The usual sort of difference that people are interested in is the existence of an entity that can look into the lives of players in the VR, a powerful player who is usually but not necessarily hidden. It’s similar to believing in a god. The rhetoric of VR thought experiments often plays up this angle. Some people imagine this creature as a pimply nerd in the sky who is running a cosmic copy of The Sims, who are us. Perhaps with that image in mind, one woman commented to me that she worried that this being might be able to see whether her underwear was clean on a given day.

A pimply video-game-playing kid is an especially unlikely “god” ruling over our reality.

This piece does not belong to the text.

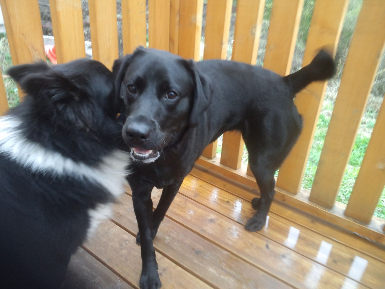 来てすぐに他のワンコ達にご挨拶、ボーダーサエノスケ君とは乗ったり乗られたりでウマが合うみたいです。

Strangely enough, there are some recent empirical results that may influence whether we should believe in this underwear-­obsessed dude. Before I describe them, though, I need to introduce the idea of a spectrum of possible gods, running from wimpy to omnipotent. All the supernatural beings of religion and science fiction fit somewhere on the spectrum.




The very wimpiest god can hypothetically see into our world but can’t do anything at all to interact with us in any way, in any world—including hypothetical afterlives. As far as we’re concerned, it’s meaningless to think of this god as one who exists. The second-wimpiest god might be able to perform just a trick or two that seem supernatural to us, but underwear spying is just one trick of many, and therefore unlikely.

Paradoxically, pseudostatistical reasoning suggests that the most omnipotent god won’t notice your underwear, either. Such a god can see and manipulate all possible versions of you and your world (including your wearing clean, filthy, or no underwear at all). If there is something special enough about your underwear to merit notice, there’s another version of you in another reality wearing even more special underwear. The Top God is infinitely less likely to focus on the particular pair of underwear you are wearing today than you are likely to focus on a particular grain of sand on a beach. He is just as moot as the weakest god.

So as far as underwear spying goes, it’s only those gods in the middle of the spectrum who should concern us. A god who spies would do so, presumably, only if he (or she for that matter) experiences surprise at the unveiling of the future and is able to see into only a narrow range of realities. The Greek gods were like this.

The empirical results that influence how we might think about God-as-video-game-player are the successful demonstrations of quantum cryptography, in which a sender and receiver can be assured that no natural observer has eavesdropped on a message. This system works because a component of the message is ruined by quantum effects as soon as it is read. For a god to eavesdrop on a quantum cryptography session and then cover his tracks, would, as it happens, require near omnipotence. When the first quantum cryptography experiments were done, I felt a little relieved and sad at the same time, because we then knew that one kind of potential exotic or supernatural form of life that might have been watching us either did not exist or wasn’t paying attention.

Continuing the pseudostatistical arguments, a god that can exist only within a narrow portion of the spectrum of possible gods is less likely than a god that can exist over a larger portion of the spectrum. The game-playing kid feels the squeeze from both ends. He has to be both weak enough to be able to focus on a particular pair of underwear and strong enough to be able to cover his tracks after eavesdropping on a quantum cryptography session—or else be willing not to peek at any messages we decide to keep secret.

That probably—no guarantees—places him within a razor-thin niche on a wide spectrum of possible gods. So I can’t swear that we’re not living in a simulation, but I can offer some assurance: A pimply virtual reality operator is an especially unlikely god.